15 feet can be 15 feet too high when you are learning to climb trees, as I set out to do one May weekend at Camp Hi-Rock in Mount Washington, Massachusetts. Two dozen women and I had come to participate in the Women's Tree Climbing Workshop, an organization founded by identical twin sister arborists Bear LeVangie and Melissa LeVangie Ingersoll. I was there to be in trees and to better understand them. Trees and forests are facing existential threats because of climate change, but it can be a struggle to grasp the extent of the danger or to make sense of the complex and deadly interactions playing out between heat, drought, fire, water, disease, and pests. I hoped that being in trees would allow me to better see them through the eyes of people, like the LeVangies, who care for trees and who perceive so much more about trees and forests than many of us do. Forests are always shifting; they change form and location, they are in constant motion. At Camp Hi-Rock, I climbed a hemlock descended from trees that made their way here after glaciers started to recede some 20,000 years ago. Eastern hemlock, Tsuga canadensis, likely traveled up from various sites in what is now Georgia or North Carolina and started settling in New England about 10,000 years ago. Pollen from lake sediments show that white pine had by then replaced the spruce and jack pine that had become abundant in the area soon after the ice left. Hemlock arrived as the climate kept warming and rainfall increased as ice melted, refilling ocean basins. Beech, birch, and oak arrived too. By roughly 8,000 years ago, the forests of the region had many of the tree species common today.

Hemlock, slow-growing and shade-loving, gave rise to forests that were dark and cool, that held onto the moisture key to their survival. Hemlock forests lined creeks, streams, and rivers, keeping temperatures low and holding soil in place with their roots. In their shade, salamanders, frogs, and brook trout flourished. In their branches, ants, arboreal spiders, and dozens of birds found homes. The hemlock grew in clusters among other trees and in vast uninterrupted stands.

The hemlocks’ journey north is one of many arboreal migration stories that have helped scientists understand the climate and ecology of the postglacial period we live in. Hemlock have also helped unlock a fine-grained weather and climate record that tells us what trees have been though in the last several thousand years, what they have adapted to and survived, and how perilous and divergent their current experience is proving to be.

*

In the early 1970s, Edward Cook, now a researcher at Columbia University's Lamont-Doherty Earth Observatory, enlisted in the Army and was stationed at West Point, New York. He spent his free time driving around looking for rock-climbing sites and old trees. He had finished college at the University of Arizona, where he had been captivated by dendrochronology—the science of reconstructing past climate by examining tree rings—and now everywhere he went, he looked closely at trees. In the Shawangunks, which form a northern ridge of the Appalachian Mountains, he saw some ancient-looking gnarled pitch pines. From a dendrochronologist’s perspective, the older the tree, the better.
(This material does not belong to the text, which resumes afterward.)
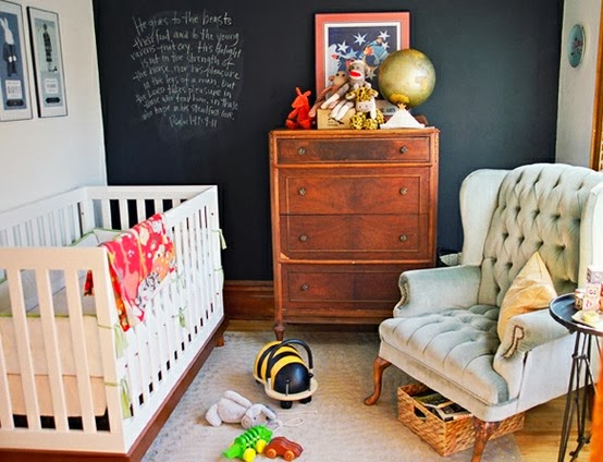 Zależy z czym zestawiamy te ciemne ściany. Na przedstawionych przez Ciebie fotkach pomysły mi się podobają bo prawie wszystko poza ścianą jest jasne. Fajny pomysł z ta farbą po której można pisać kredą – gdy maluch będzie większy – też będzie mógł sobie coś napisać:))
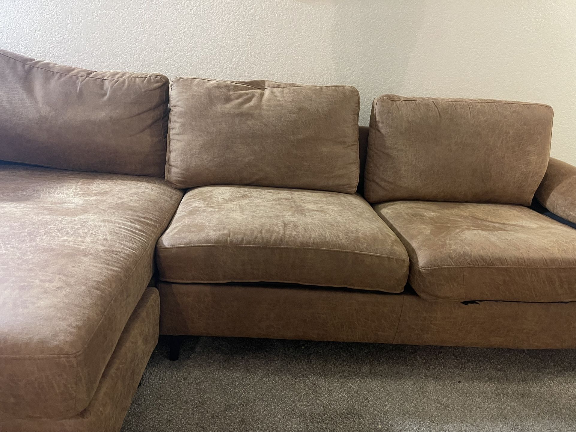Spacious and comfortable L-shaped sectional sofa in a rich brown faux leather. * 100-Inch Wide, 3-Seater + Chaise Lounge. Configurable as Right or Left-facing. * Convertible Chaise for flexible living room layouts. * Premium Faux Leather – soft, durable, and easy to clean. * Deep seats with high-density foam for comfort. * Condition: Very good. Used in a pet-free home. No tears.

When the cambium comes to life each spring, it needs to get photosynthesis going fast. To do that, the leaves need a lot of water, which is elemental to breaking down carbon dioxide to make sugars. To get water quickly from roots to canopy, the cambium initially creates big xylem cells that stack vertically, forming long pipes running up the tree. These gallon-bucket cells form the early wood. As the growing season wanes, the tree starts to pack things up after the picnic and produces compact, thick-walled xylem cells that make up the late wood. The next spring, the process begins again, and the cambium comes to life between last year's late wood and the bark. The old dead or dying weed becomes the internal foundation on which the new live wood lies.
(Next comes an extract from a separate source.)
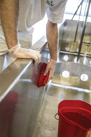 This multi-purpose angled brush has stiff angled bristles to facilitate scrubbing tables, conveyor belts, chopping boards, buckets, large scaled bowls and equipment where it is necessary to reach into corners. At the one end of the brush you have even harder filaments, which facilitates loosening more stubborn dirt.
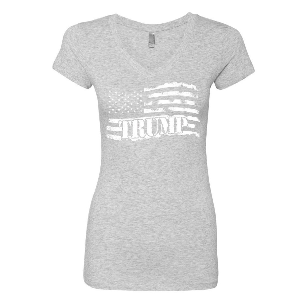 DONALD TRUMP FLAG MAGA women's v-neck t-shirt make america great again gray

Cook wasn't sure how many rings—each one marking a year of early wood and late wood—he would see in the pitch pines. He used an increment borer to take his first samples. These devices only pierce a tiny bit of cambium, allowing dendrochronologists to see a tree's growth without causing it significant harm. They are elegant tools; two metal tubes, one nested inside the other. The tubes are assembled into a T, with the outer tube serving as a perpendicular handle. The extremely sharp end of the smaller tube is cranked until it reaches the heartwood or pith, the innermost and oldest part of the tree. Once the dendrochronologist has reached the heartwood, they often make a half reverse twist, which breaks adhesion between the metal tube and surrounding wood. Then they carefully pull out a tray that runs inside the boring tube, on which lies a delicate dowel-like core.

In a lab, the core is sanded and burnished to bring out the details of the bands of dark and light that to the expert eye can tell of rain or drought or fire, or radioactive fallout. Although the annual cycle of early wood, late wood, and dormancy is generally similar in temperate trees, every species has its own fingerprint: a maple and a spruce growing a few feet apart may tell the same story in different colors and textures. Pitch pines, like other conifers, have regular xylem cells, called tracheids. As Valerie Trouet writes in Tree Story: A History of the World Written in Rings, "In conifers, individual wood cells queue up in straight lines like Roman soldiers."

From the tidy light-dark bands of the Shawangunk pitch pines, Cook could see that they were what is called sensitive. That is, their rings varied in thickness, reflecting changing environmental conditions. Trees that are not as responsive and have consistently sized rings are termed complacent. He also learned that one of the trees was 400 years old, 200 years older than his textbook said pitch pines could be. That was the first surprise. On the Mohonk Preserve, also in the Shawangunk Mountains, Cook found another. There, on a rocky slope with virtually no soil, Cook caught sight of some hemlocks like the ones I’ve taken to climbing, with Bear and Melissa, in nearby Massachusetts.

*

Modern dendrochronology had emerged in the early twentieth century in the Southwest, in part because the desert simplified the yearly story trees told about the weather. There was plenty of sun. Plenty of warmth. But there was not plenty of rain. The trees of the region put on a lot of growth when the year was wet: they made bigger cells in those years. Wet and dry years were visible in the thick versus thin rings of ponderosa pine and giant sequoia that came to anchor the young field. The pine told of rainfall in northern Arizona going back 500 years, the sequoia of rainfall in the Sierra Nevada going back 3,000 years.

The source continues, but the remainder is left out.